Sometimes less is more, and this is very much the case this Sunday afternoon when seven fine string players from the SCO present a superb concert at the Queen’s Hall. They are led by Benjamin Marquise Gilmore, violin, along with Ruth Crouch, Fiona Winning and Felix Tanner, viola; Phillip Higham and Su-a Lee, cello; and Nikita Naumov, Double Bass. It is soon obvious that these orchestra members are not only superb musicians, but are used to playing with each other: they are in perfect harmony.

The concert begins with a string quintet written by Dvořák in 1875, and unusually for a quintet, the fifth instrument is a double bass. This gives the quintet a depth and resonance that makes it sound very different from a normal quintet. This is helped by the very delicate and expressive playing of bass player Naumov. This is particularly true in the opening movement, and later on in the slow movement, when at times the quintet sound more like a small orchestra. Dvořák, as he often does, uses folk song melodies but combines these with broad romantic themes, and this makes it a very special work.

The concert continues with Bartók’s Romanian Folk Dances written in 1915. Here, he uses part of his extensive collection of Central European folk songs and tunes. The musicians have great fun recreating the various dances Bartók used.

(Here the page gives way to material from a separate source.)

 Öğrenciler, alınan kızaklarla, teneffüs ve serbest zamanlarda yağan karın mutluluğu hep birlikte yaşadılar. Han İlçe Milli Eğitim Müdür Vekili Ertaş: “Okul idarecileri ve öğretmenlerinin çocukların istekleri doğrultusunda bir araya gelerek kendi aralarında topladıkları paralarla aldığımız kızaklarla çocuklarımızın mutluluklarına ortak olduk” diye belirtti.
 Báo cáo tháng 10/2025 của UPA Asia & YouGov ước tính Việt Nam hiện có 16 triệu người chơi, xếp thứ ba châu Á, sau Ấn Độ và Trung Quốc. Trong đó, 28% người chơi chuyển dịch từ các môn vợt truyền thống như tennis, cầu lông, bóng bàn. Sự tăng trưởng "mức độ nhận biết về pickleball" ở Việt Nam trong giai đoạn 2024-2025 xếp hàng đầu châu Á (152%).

The concert concludes with a very different work, Strauss’s Metamorphosen composed in 1945. It was motivated by the destruction of Munich’s opera house in 1943, which Strauss felt marked the end of his musical life. So when he was commissioned to write a new work, he chose a soulful theme from Beethoven’s Eroica symphony, which he marked “In Memoriam” to mark the demise of Munich and Germany’s cultural life. Scored originally for twenty-three musicians, the seven members of the SCO create an impressive sound, and convey the angst of Strauss, but also the hope for the future. It is a perfect afternoon, warmly received by a big Queen’s Hall audience.